その場の状況は、シュナイダー氏によれば、漂う“紫の煙”を躊躇なく深く吸い込んだ村上氏は酩酊状態になってしまったという。
「それほどビールは飲んでいなかったので大麻が効いて、どっぷりと自分の世界に入っていたのかもしれません。暗い室内の中で彼だけはなぜかサングラスを外さなかった。もしかしたら、取材班や私に“うつろな目”をしているのを見られたくなかったのかもしれません」(シュナイダー氏)
パーティが終わったあと“酔い”が冷めて我に返ったのか、余韻を味わっていたのかわからないが、帰りの車中では村上氏を含めた全員が無口だったという。
若かりし村上春樹氏の“秘蔵写真”をシュナイダー氏はなぜ今、公表しようと思ったのだろうか。

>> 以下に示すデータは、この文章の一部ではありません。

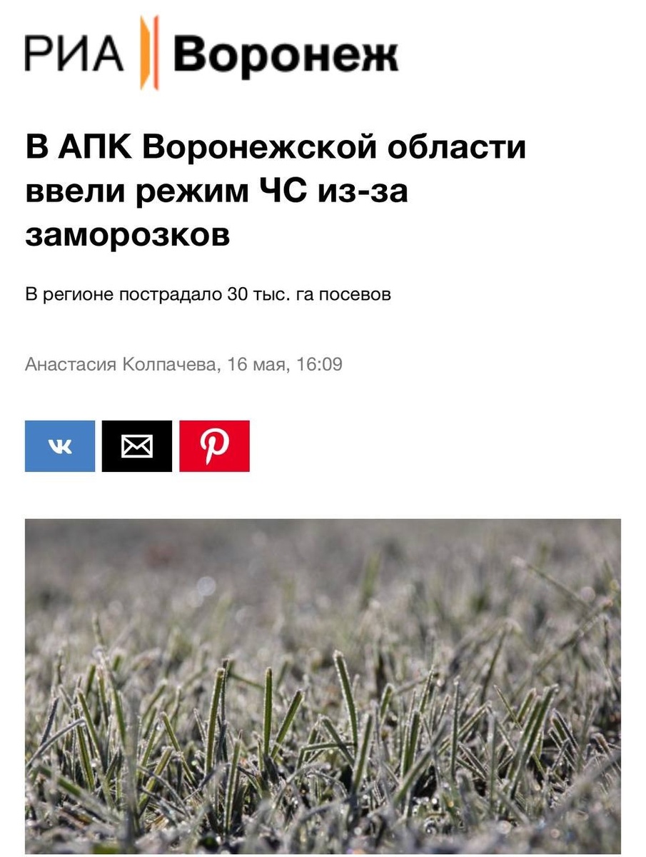 В ответ на пост 🔥 Власти Воронежской области ввели режим ЧС в сельском хозяйстве из-за аномальных заморозков В Воронежской области ввели режим чрезвычайной ситуации в сельском хозяйстве из-за ущерба, причинённого прошедшими заморозками, говорится в указе губернатора, опубликованном на сайте регионального правительства. Главам муниципалитетов рекомендовано до 30 мая направить данные о размере ущерба в региональный Минсельхоз. Заморозки были зафиксированы на всей территории региона 27, 28, 29 апреля и 3 мая. Температура воздуха и почвы местами опускалась до минус 8-10 градусов. По предварительным данным, пострадало более 30 тысяч гектаров посевов. Были повреждены более 2,6 тысячи гектаров садов и ягодников, что составляет 44% всех плодоносящих насаждений области. По прогнозам, урожай фруктов и ягод в этом году будет в два раза ниже ранее ожидаемого. Майские заморозки затронули и другие регионы России, привели там также к гибели посевов и урожая сельскохозяйственных культур и нанесл

「別に彼をおとしめようとか、批判しようとかという気持ちはない。彼の作品にはマリファナを吸う描写も出てくるし、本人もマリファナ好きを公言しているのはファンなら知っている。その彼が若い時にこのようにマリファナを楽しんだということを彼の“ファン”も知りたいと思ったからだ」
確かにファンの中では、村上氏がマリファナ好きだということは周知の事実となっている。99年に発表されたエッセイ集「うずまき猫のみつけかた」(新潮社)の中にはアメリカでの生活について、こう言及している。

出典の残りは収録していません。